* Problem details *
From the line containing "Let’s be honest" down to the last line of the entries, print each line exactly and leave the pictures out.

* Data excerpts *
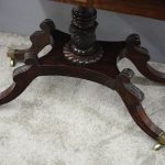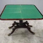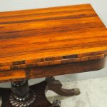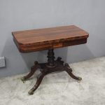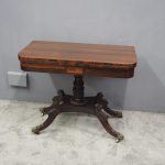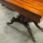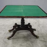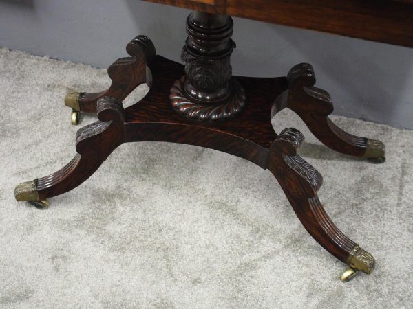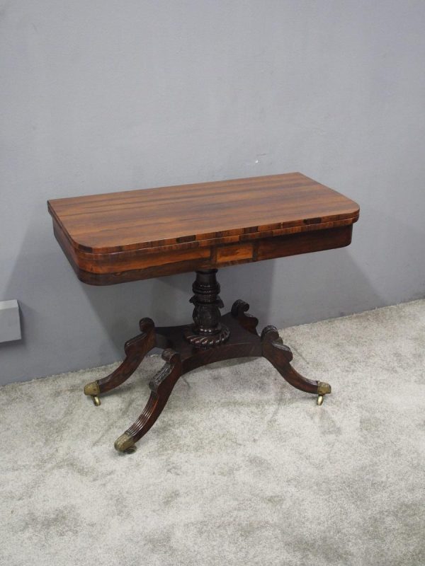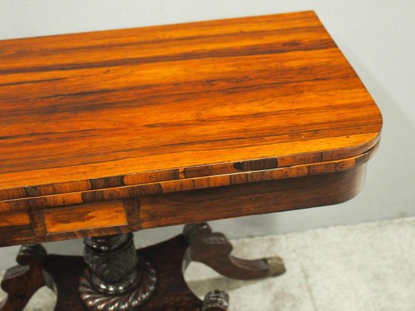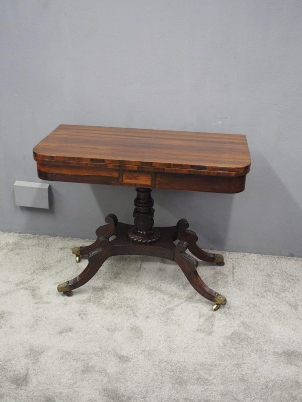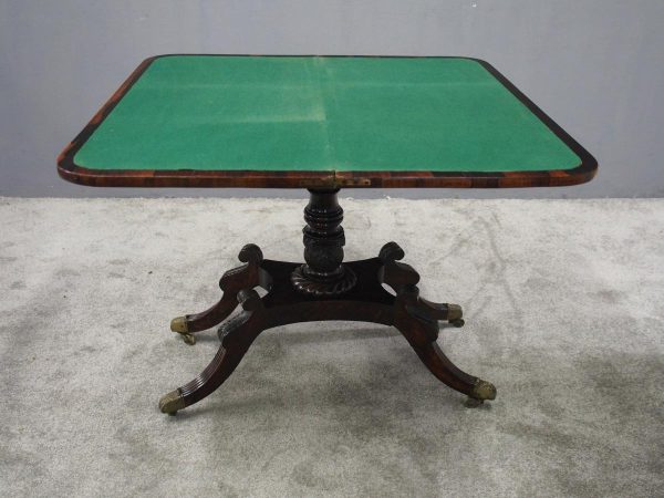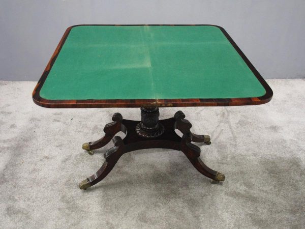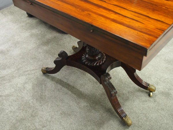 Circa 1815, Scottish Regency rosewood fold-over card table. The well figured rosewood top with rounded edges, opening to a green baize lining and swivelling to a compartment for storage. The rosewood panel frieze over a turned, ring turned and carved acanthus leaf stem with a dragooned collar, on a raised concave rosewood and scumbled platform base. The hipped sabre legs with foliate carved tops, reeded base and well cast brass foot and castors.
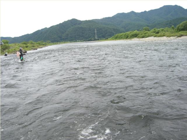 朝19℃だった水温も21℃まで上がっていた。午後は入れ掛りを期待したいし、捨て糸を04に変え形が良い瀬釣りに徹しよう。22cmに鼻カンを通し、さぁオトリをポイントへ入れ舟に目が向いたら・・・またやっちゃいました~蓋が開いていた(>_<)腹掛かりの1尾を除いて放流してしまったのだ。又も最悪、入れたオトリも根掛り回収出来ず・・・朝に戻った感じだった。
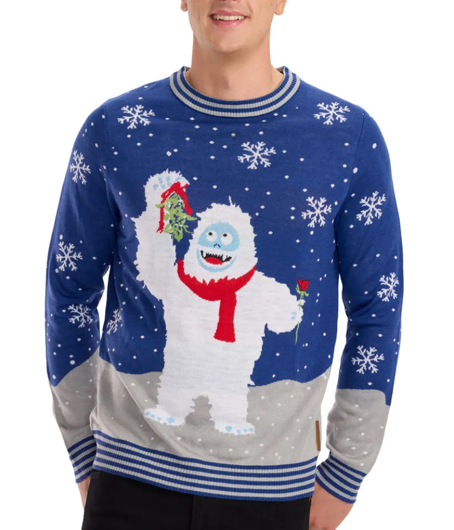 Let’s be honest – Bumble has always been more adorable than abominable, and this Men’s Romantic Bumble ugly Christmas sweater proves it. Bumble is doing the heavy lifting as your wingman with a rose in one hand and mistletoe in the other. (Maybe that’s where The Bachelor came up with the idea?) Once your bae peeps you sporting this, you can pretty much count on another present showing up under the tree.
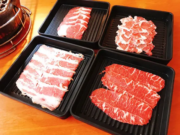 來吃燒肉我最重視的當然就是肉了!肉的品質好,烤起來才會好吃,選擇899元的價位就是肉的選擇更多,也可以吃到霜降牛、牛舌、牛排和鹿兒島黑豚等上質好料。首先就是來這幾盤,建議從油花比較多的開始烤,這樣火會燒得比較快,之後就越烤越順了。
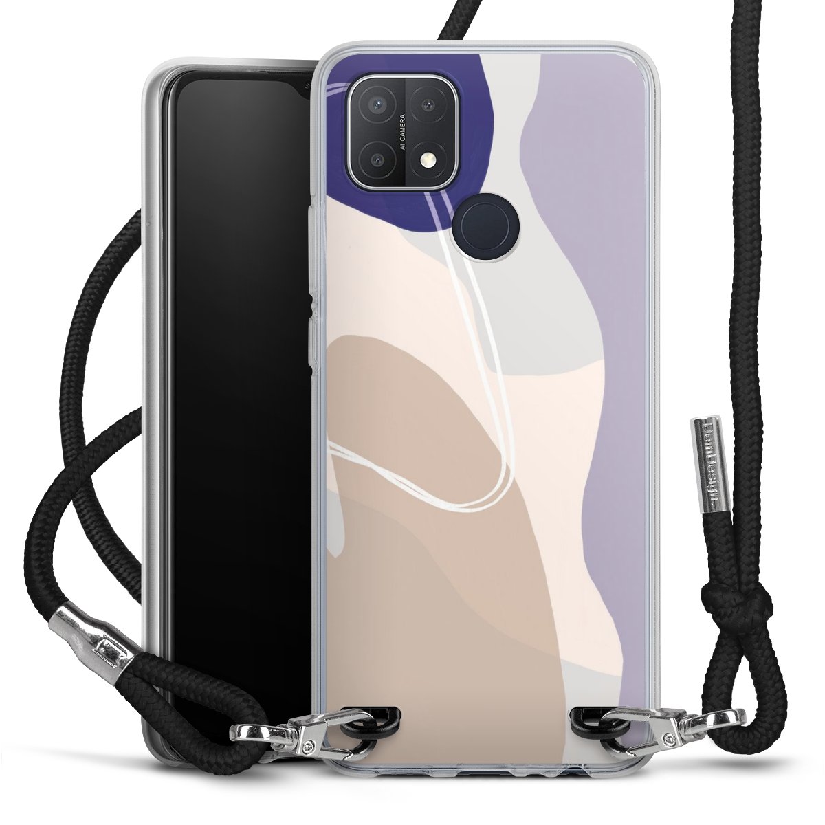 Habe Dein Handy, dank der flexiblen Silikon Handyhülle zum Umhängen mit der Handykette aus Stoff, immer griffbereit.

* Output below *
 Let’s be honest – Bumble has always been more adorable than abominable, and this Men’s Romantic Bumble ugly Christmas sweater proves it. Bumble is doing the heavy lifting as your wingman with a rose in one hand and mistletoe in the other. (Maybe that’s where The Bachelor came up with the idea?) Once your bae peeps you sporting this, you can pretty much count on another present showing up under the tree.
 來吃燒肉我最重視的當然就是肉了!肉的品質好,烤起來才會好吃,選擇899元的價位就是肉的選擇更多,也可以吃到霜降牛、牛舌、牛排和鹿兒島黑豚等上質好料。首先就是來這幾盤,建議從油花比較多的開始烤,這樣火會燒得比較快,之後就越烤越順了。
 Habe Dein Handy, dank der flexiblen Silikon Handyhülle zum Umhängen mit der Handykette aus Stoff, immer griffbereit.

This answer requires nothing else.